Два центральных свода галереи, высокие, словно купола собора, отделялись друг от друга мощными колоннами. Небольшие окошки, размещенные в противоположных концах и застекленные мутными стеклами, давали скудный свет, отчего в галерее всегда властвовал сумрак. Среди многочисленных судейских в черном платье мелькали пестрые костюмы жалобщиков и зевак.
Путь в галерею лежал по широкому коридору, названному галереей Галантерейщиков, ибо там располагались торговцы галантерейным товаром.
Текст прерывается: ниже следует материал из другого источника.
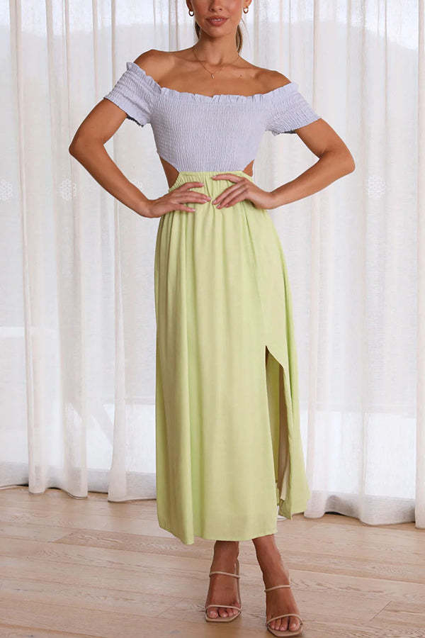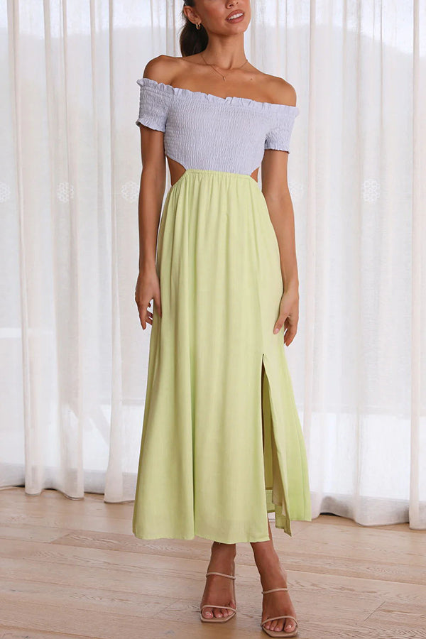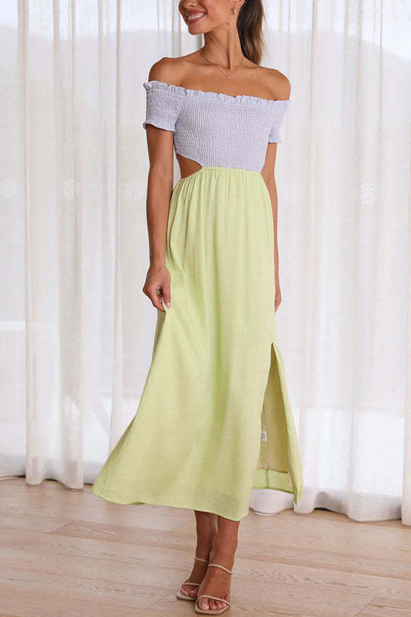 Live with Sunshine Colorblock Smocked Cutout Midi Dress
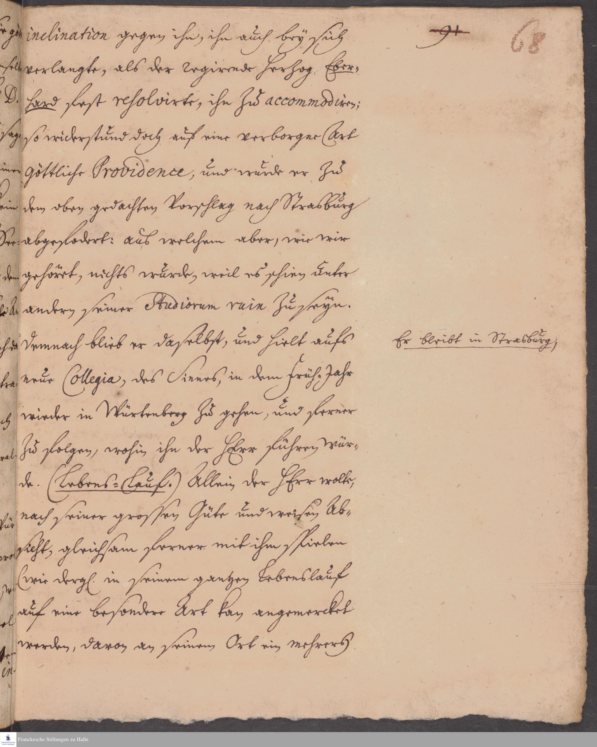 Fragment einer Biografie von Philipp Jakob Spener, verfasst von Carl Hildebrand von Canstein.
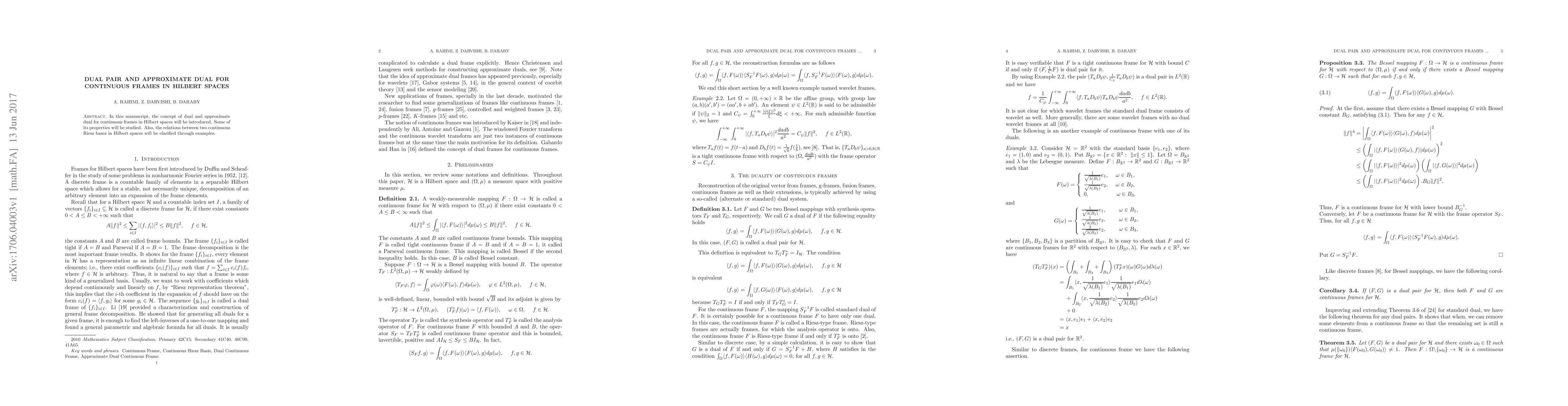 This paper introduces the concepts of dual and approximate dual for continuous frames in Hilbert spaces, explores their properties, and clarifies the relationships between two continuous Riesz bases through illustrative examples.

По сути дела, Дворец правосудия исполнял также функции огромного рынка, где были представлены в основном два вида лавок: галантерейные и книжные. Басонная и галантерейная торговля по обороту занимали первое место. Дело в том, что всем магистратам и служащим суда было предписано носить черное платье не только при исполнении служебных обязанностей, но и дома. В строгом, застегнутом наглухо платье в конторах, дома в платье попроще, но с неизменным белым воротником, магистраты, выходя на улицу, в любую погоду надевали черный плащ.
Поэтому постановлением короля, принятым в 1406 году, разрешено было открыть во Дворце правосудия лавочки, торговавшие черной одеждой и шапочками для судейских. Но мало-помалу лавочники стали привозить товары для прекрасного пола — жен, дочерей и любовниц судейских. К одежде прибавились украшения и безделушки из золота, а также веера и домашние туфли. Вскоре пошел слух, что хорошие домашние туфли можно купить только во Дворце правосудия!
В конце концов Большая галерея превратилась в защищенный от непогоды рынок дорогих товаров, куда приходили гулять, на свидания и просто поглазеть. Там флиртовали, выставляли напоказ роскошные туалеты, разносили сплетни и выбалтывали тайны, как настоящие, так и мнимые.
Расин даже написал:
Вот галерея: в ней узреть дано
Вам все, что пышно и красиво.
Мелочные торговцы конкурировали с торговцами книг. К тому же хорошенькие галантерейщицы отнюдь не слыли недотрогами, что привлекало юных бездельников, приходивших во Дворец исключительно чтобы полюбоваться на них, обменяться взглядами и попытаться соблазнить. По вышеозначенным причинам мелочная торговля, занимавшая поначалу одну лишь галерею Галантерейщиков, постепенно расползлась по всем боковым проходам, вступив в открытую конкуренцию с другими, издавна расположившимися там торговцами, а именно с торговцами книгами. Изначально во Дворце правосудия продавали только труды по праву, но с тех пор, как в Большой галерее обосновался известный книгоиздатель Пьер Роколе, державший книжную лавку «Под городским гербом», и не менее знаменитый Гийом Луазон, открывший лавку под названием «Имя Христово», а также многие другие издатели и книготорговцы, там стало возможно купить практически любую книгу. Луи книги всегда привлекали больше, чем предметы женского туалета, поэтому он сразу направился к книготорговцам, выставлявшим свой товар в нескольких десятках лавок. Взор его упал на девушку лет двадцати, одетую в простое синее платье со светлой нижней юбкой, из-под которой выглядывала еще одна юбка из белого холста, какие обычно носят басконки. Гладко причесанные волосы были забраны в тугой узел, а некрасивое угловатое лицо с тонкими чертами имело такое кроткое, меланхолическое выражение, что, несмотря на все недостатки внешности, девушка выглядела необычайно привлекательно. Уверенный, что знает ее, Луи никак не мог вспомнить ее имя.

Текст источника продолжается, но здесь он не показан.